At noon on Wednesday, I'm joining friends at my attorney's office and am getting married. What's sad is that my first act there will be to dissolve the domestic partnership with the person with whom I've spent the last twenty years of my life. Such is the state of marriage in Florida and the United States.
Update [2005-9-13 17:26:32 by kansasr]:
Just a quick note to express my thanks to the KOS community - you are very much like family. I never expected to see such response when I got home this afternoon. As always, you challenge me with your thoughts and opinions and often move me with your humanity. Would that the rest of the world was more like what I find here.
The reason is simple - I'm obeying the letter of the laws so that I can get the health insurance I believe I am entitled to. If I were a woman, I would be able to legally marry the man I've spent the last twenty years with and automatically receive health care benefits. But since his benefits come from the United States government, I know there's no way my relationship will be recognized in my lifetime. So this seems like a logical course of action.
There are four of us involved, two same-sex couples. Two of us have no health care benefits; two receive them courtesy of the federal government. We've decided to marry each other's partners and claim what is should be rightfully ours. Since we're not doing it to skirt immigration laws, our attorney advises we're within our legal rights.
There's nothing that requires us as a married couple to maintain a joint home or joint anything for that matter. Such is the sanctity of marriage as defined by the state of Florida.

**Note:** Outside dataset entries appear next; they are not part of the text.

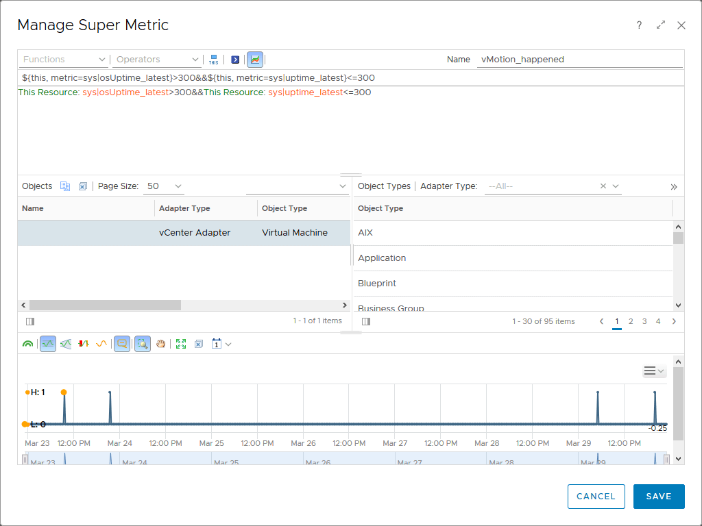 ${this, metric=sys|osUptime_latest}>300&&{this, metric=sys|uptime_latest}<=300Simply put if sys|osUptime_latest is more than 300 and sys|uptime_latest is 300 or less this metric will be one, meaning a vMotion has happened.
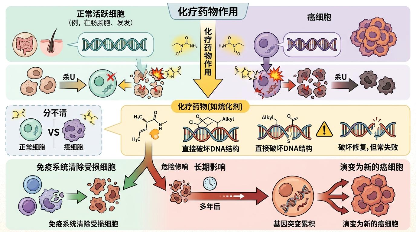 化疗的原理是用毒药毒死快速分裂的细胞,可它分不清癌细胞和肠道黏膜、毛囊这些正常的活跃细胞。更麻烦的是,像烷化剂这类化疗药会直接破坏DNA结构,就像在细胞的基因密码里乱涂乱画。如果这些受损细胞没有被免疫系统及时清除,就可能在多年后突变成为新的癌细胞。
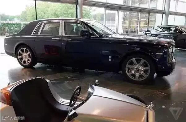▲ 在R-R001的旁边就是劳斯莱斯-幻影“Phantom”。在接待区后面停放的都是劳斯莱斯的近代车型,当中的焦点就是Phantom。

Of course, since we didn't take the state premarital course, we were required to wait three days and pay and additional $35 each. (Of the over 500 premarital course providers in my county, almost all are religious institutions. - praise be to the American Taliban.)
It was a bit entertaining when we went to apply for our licenses. My partner and I arrived at the county courthouse first and proceeded to go to the counter and pull out license applications and begin to fill them out. From the frequent "can we help you?" from the clerks behind the desk, it was clear they thought they had some sort of same-sex marriage protest looming before their eyes. Fortunately, our "fiancées" arrived within a few minutes and we were suddenly acceptable to the state of Florida.
I had considered some sort of protest, but calmer heads prevailed. I thought it would be interesting, with a television reporter in tow, to apply for same-sex licenses and, when rejected just say, "ok, it's not that important, we'll just marry these women here, if you insist." But we are dealing with an arm of the federal government (one which has a lot of "military" clout), and you never know about their vindictiveness.
So, there won't be any cake and we aren't registered anywhere. None of us have invited our parents or family and have told very few of our friends. Our attorney is about the only person for whom this will be a special day. His fees for providing all of the legal documents required for same-sex couples these days, as well as our prenuptial agreements, should make him feel happy about being asked to give away the brides.
We're talking about taking a group honeymoon to New York City to see some shows - maybe we can get a couple of honeymoon suites and secretly change rooms after we've checked in. Or maybe we should just go to San Francisco where they'd see the humor in all of it! We'll probably just go to the gay restaurant down the street and have a nice lunch.
During most of the gay marriage debate I've been some what ambivalent about what you called it. Call it marriage, call it civil unions, call it domestic partnerships - as long it came with the same rights and privileges, I didn't think I cared. That has changed now. If my long term relationship isn't worthy of the exact same recognition by the state as a same sex relationship, then it demeans me and truly does make me feel like a second class citizen. This debate is not about what you think this does to the institution of marriage. It is about what it says to me. Don't tell me to ride at the back of the bus because to do otherwise takes away your rights to ride at the front. Don't tell me to be thankful I have my own water fountain when I want to use the same one as everyone else. And don't tell me that what I want are special rights. There's nothing special in this country about being treated the same as everyone else.
But for me, it's a bittersweet day. Yes, I'll no longer have to worry about getting sick and the financial burden that could create for my partner. I'll be able to put my name back on the deed to our home because I won't have to worry about some health care provider trying to attach my share of it. And I won't miss having to deal with the dehumanizing public clinics that have become my home for the past three years. But I will miss checking the "married" box on forms and secretly knowing I meant my life long partner. Now I truly must say, "I'm married." Thank you Jeb and George.